WHAT TO WORK ON. Copy every record word for word. Pictures are not part of the copy.

DATA PROVIDED.
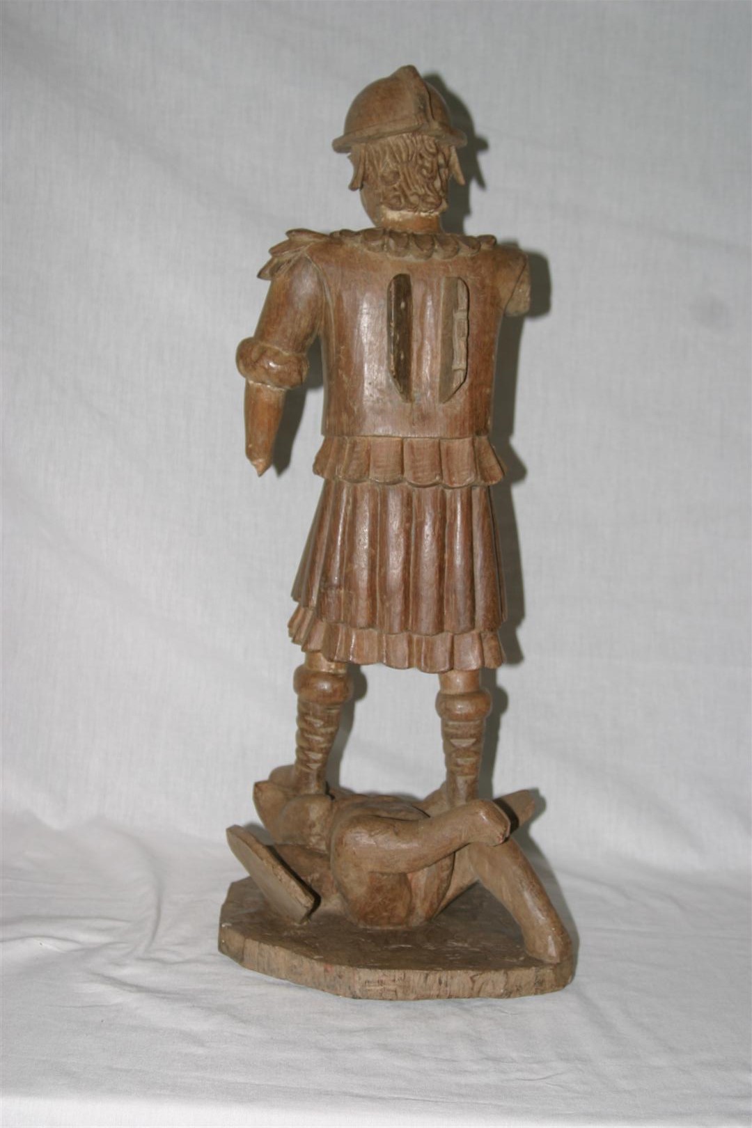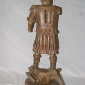 Escultura religiosa, de médio porte, confeccionada em madeira (jacarandá mineiro) entalhada sem policromia, representando São Miguel Arcanjo matando o demônio. Figura masculina, jovem, de pé, em posição frontal, com o rosto levemente voltado para baixo, rosto redondo, testa curta, cabelos curtos, cacheados e com mechas em “C”, orelhas aparentes, olhos amendoados, nariz aquilino, boca pequena e cerrada, e queixo proeminente. Apresenta-se em trajes de guerreiro romano, com capacete e indumentária composta, na parte superior, por camisa com gola em “V” cercada de babados entalhados e com abertura frontal em três botões, e, na parte inferior, por saiote na altura dos joelhos, de caimento duplo, sendo a camada superior entalhada em gomos. Panejamento rígido. Nas costas, destacam-se duas estruturas em madeira com orifícios para encaixe das asas (inexistentes). Pés calçados com botas de cano longo, com dobras em sentido vertical. São Miguel está apoiado sobre demônio, representado através de animal grotesco, deitado de bruços, com rosto agonizante, de boca aberta com a língua para fora. Animal de cabelos estriados, com rosto redondo, orelhas aparentes, patas dianteiras sob os pés do santo, com duas asas e sua perna direita flexionada e em posição mais elevada. Entre as pernas, destaca-se parte do rabo. Imagem apoiada sobre base irregular. Peça com vestígios de bolo armênio.
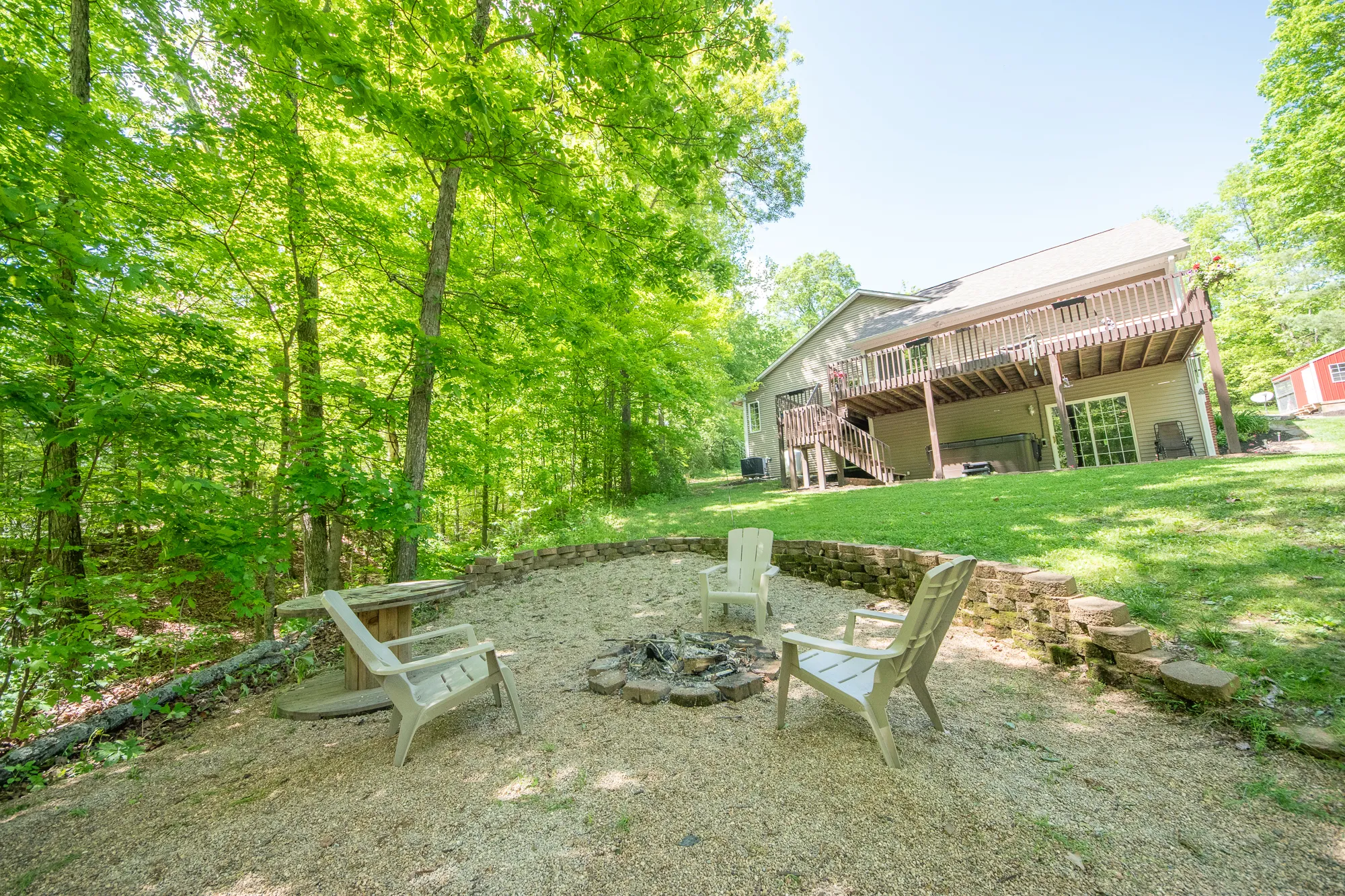 Welcome to the privacy, seclusion, and beauty of this 6 acre property located in Brown County. You will be welcomed home by the modern floorpan with updated kitchen, perfectly connected to the great room. The gourmet kitchen features a central island, quartz countertops, tile backsplash and industrial style 6 burner range. Enjoy the serenity of nature and the outdoors from the large deck. The primary bedroom suite includes plenty of space to relax and well appointed bath with full shower, separate tub and separate toilet. Two additional bedrooms and a full bath complete the main level of this home. In the lower level, the family room provides space to spread out, entertain, or enjoy the view outside. Two additional bedrooms, full bath, laundry room, and plenty of storage space round out this lower level. Walk out from the family room onto the patio perfectly shaded by the deck above for the hot summer afternoons. The 36×22 pole barn with 12×36 lean-to provide storage for any equipment, toys, or hobbies. Property can be hunted and game abounds.
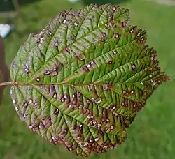 - usuwanie z pobliża plantacji dziko rosnące malin i jeżyn, gdyż mogą one stanowić źródło infekcji[3].
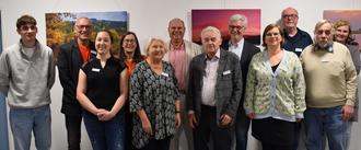 Die Mitglieder des Fotoclubs Reichelsheim stellen ihre Bilder bis zum 2. August im Landratsamt in Erbach aus. Bei der Vernissage begrüßte Erster Kreisbeigeordneter Oliver Grobeis (hinten Mitte) die Künstlerinnen und Künstler.
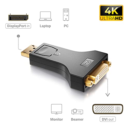 deleyCON Adattatore da DP DisplayPort a DVI 4K // Connettore del cavo adattatore DVI
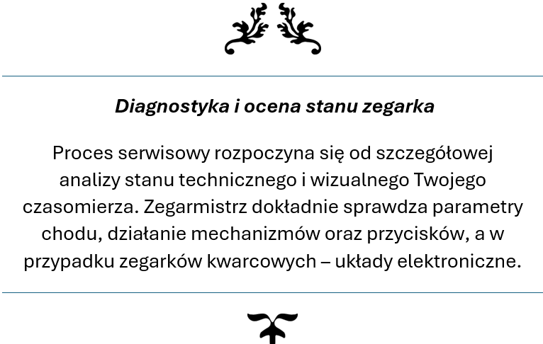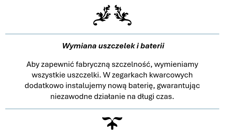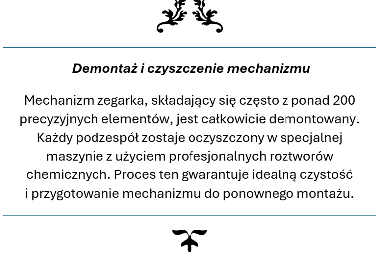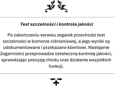 Twój zegarek trafia w ręce ekspertów, którzy rozumieją jego wartość – zarówno materialną i emocjonalną. Przywracamy mu perfekcyjne działanie, pierwotny blask oraz niezawodność, jakiej oczekujesz od prestiżowego czasomierza. Z nami masz pewność, że Twój zegarek jest traktowany z najwyższą starannością i szacunkiem, na jaki zasługuje.
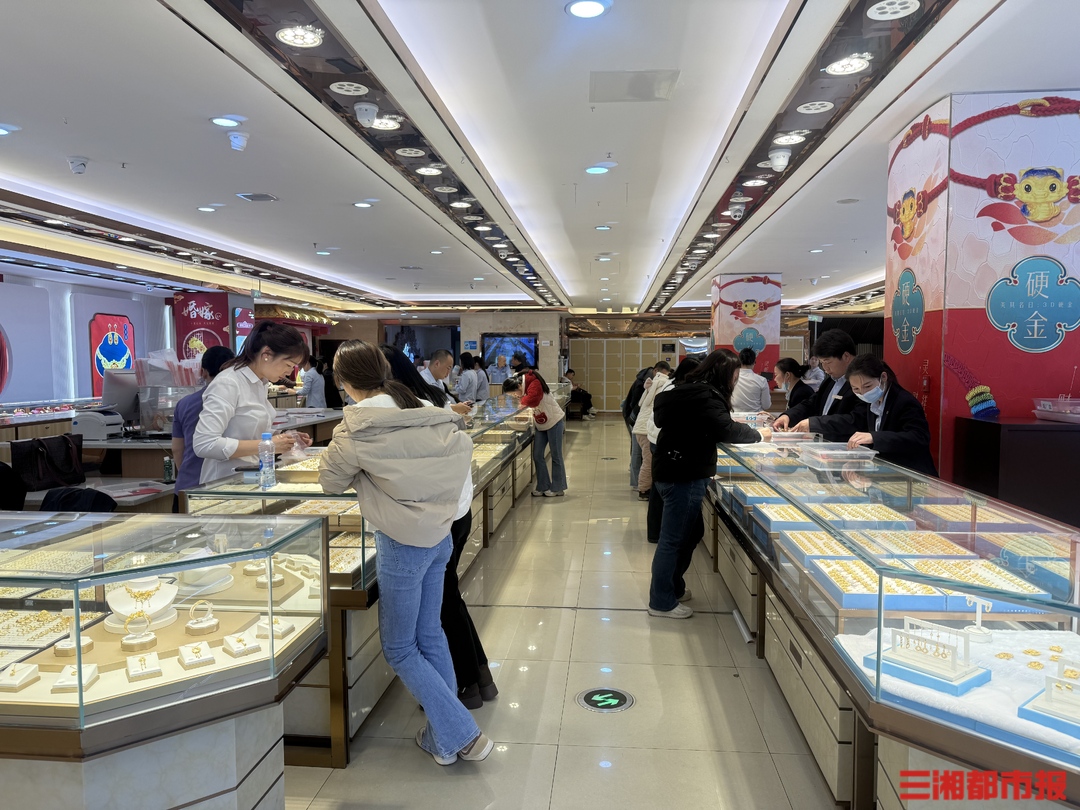 在周六福河西步步高店,不少顾客正在店内挑选金饰。“最近上网发现金价下降不少,想着趁这个机会把五金买了。”家住岳麓区的陈女士告诉记者,之前金价上涨得厉害,面对刚需的婚嫁首饰,她和未婚夫一直持观望态度。“尽管金价没有降到预期,还是选择先下手为强,毕竟黄金一天一个价。”该店店员表示,由于金价下降,来店客流量明显增多,“门店金价克减80元后为795元/克,很多顾客都是冲着金价下降和门店克减来店消费。”
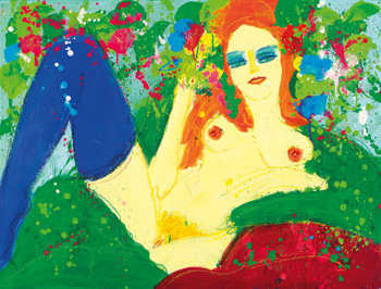 這件作品創作於1977年,當時畫家已然完成從抽象到具象的演變,對於壓克力顏料色彩高飽和度的利用手法更為自如和豐富多變,揮、灑、描線、涓滴、潑灑、平塗,酣暢淋漓。畫面中裸女不著痕跡地精心選用同色系的長筒襪搭配湖藍色的眼妝,在花叢中擺出撩人的姿態。《擁抱我好嗎?》她慵懶地說出她的訴求,眼眸半闔,曖昧而略帶挑逗地望著你。

EXERCISE RESPONSE.
 Escultura religiosa, de médio porte, confeccionada em madeira (jacarandá mineiro) entalhada sem policromia, representando São Miguel Arcanjo matando o demônio. Figura masculina, jovem, de pé, em posição frontal, com o rosto levemente voltado para baixo, rosto redondo, testa curta, cabelos curtos, cacheados e com mechas em “C”, orelhas aparentes, olhos amendoados, nariz aquilino, boca pequena e cerrada, e queixo proeminente. Apresenta-se em trajes de guerreiro romano, com capacete e indumentária composta, na parte superior, por camisa com gola em “V” cercada de babados entalhados e com abertura frontal em três botões, e, na parte inferior, por saiote na altura dos joelhos, de caimento duplo, sendo a camada superior entalhada em gomos. Panejamento rígido. Nas costas, destacam-se duas estruturas em madeira com orifícios para encaixe das asas (inexistentes). Pés calçados com botas de cano longo, com dobras em sentido vertical. São Miguel está apoiado sobre demônio, representado através de animal grotesco, deitado de bruços, com rosto agonizante, de boca aberta com a língua para fora. Animal de cabelos estriados, com rosto redondo, orelhas aparentes, patas dianteiras sob os pés do santo, com duas asas e sua perna direita flexionada e em posição mais elevada. Entre as pernas, destaca-se parte do rabo. Imagem apoiada sobre base irregular. Peça com vestígios de bolo armênio.
 Welcome to the privacy, seclusion, and beauty of this 6 acre property located in Brown County. You will be welcomed home by the modern floorpan with updated kitchen, perfectly connected to the great room. The gourmet kitchen features a central island, quartz countertops, tile backsplash and industrial style 6 burner range. Enjoy the serenity of nature and the outdoors from the large deck. The primary bedroom suite includes plenty of space to relax and well appointed bath with full shower, separate tub and separate toilet. Two additional bedrooms and a full bath complete the main level of this home. In the lower level, the family room provides space to spread out, entertain, or enjoy the view outside. Two additional bedrooms, full bath, laundry room, and plenty of storage space round out this lower level. Walk out from the family room onto the patio perfectly shaded by the deck above for the hot summer afternoons. The 36×22 pole barn with 12×36 lean-to provide storage for any equipment, toys, or hobbies. Property can be hunted and game abounds.
 - usuwanie z pobliża plantacji dziko rosnące malin i jeżyn, gdyż mogą one stanowić źródło infekcji[3].
 Die Mitglieder des Fotoclubs Reichelsheim stellen ihre Bilder bis zum 2. August im Landratsamt in Erbach aus. Bei der Vernissage begrüßte Erster Kreisbeigeordneter Oliver Grobeis (hinten Mitte) die Künstlerinnen und Künstler.
 deleyCON Adattatore da DP DisplayPort a DVI 4K // Connettore del cavo adattatore DVI
 Twój zegarek trafia w ręce ekspertów, którzy rozumieją jego wartość – zarówno materialną i emocjonalną. Przywracamy mu perfekcyjne działanie, pierwotny blask oraz niezawodność, jakiej oczekujesz od prestiżowego czasomierza. Z nami masz pewność, że Twój zegarek jest traktowany z najwyższą starannością i szacunkiem, na jaki zasługuje.
 在周六福河西步步高店,不少顾客正在店内挑选金饰。“最近上网发现金价下降不少,想着趁这个机会把五金买了。”家住岳麓区的陈女士告诉记者,之前金价上涨得厉害,面对刚需的婚嫁首饰,她和未婚夫一直持观望态度。“尽管金价没有降到预期,还是选择先下手为强,毕竟黄金一天一个价。”该店店员表示,由于金价下降,来店客流量明显增多,“门店金价克减80元后为795元/克,很多顾客都是冲着金价下降和门店克减来店消费。”
 這件作品創作於1977年,當時畫家已然完成從抽象到具象的演變,對於壓克力顏料色彩高飽和度的利用手法更為自如和豐富多變,揮、灑、描線、涓滴、潑灑、平塗,酣暢淋漓。畫面中裸女不著痕跡地精心選用同色系的長筒襪搭配湖藍色的眼妝,在花叢中擺出撩人的姿態。《擁抱我好嗎?》她慵懶地說出她的訴求,眼眸半闔,曖昧而略帶挑逗地望著你。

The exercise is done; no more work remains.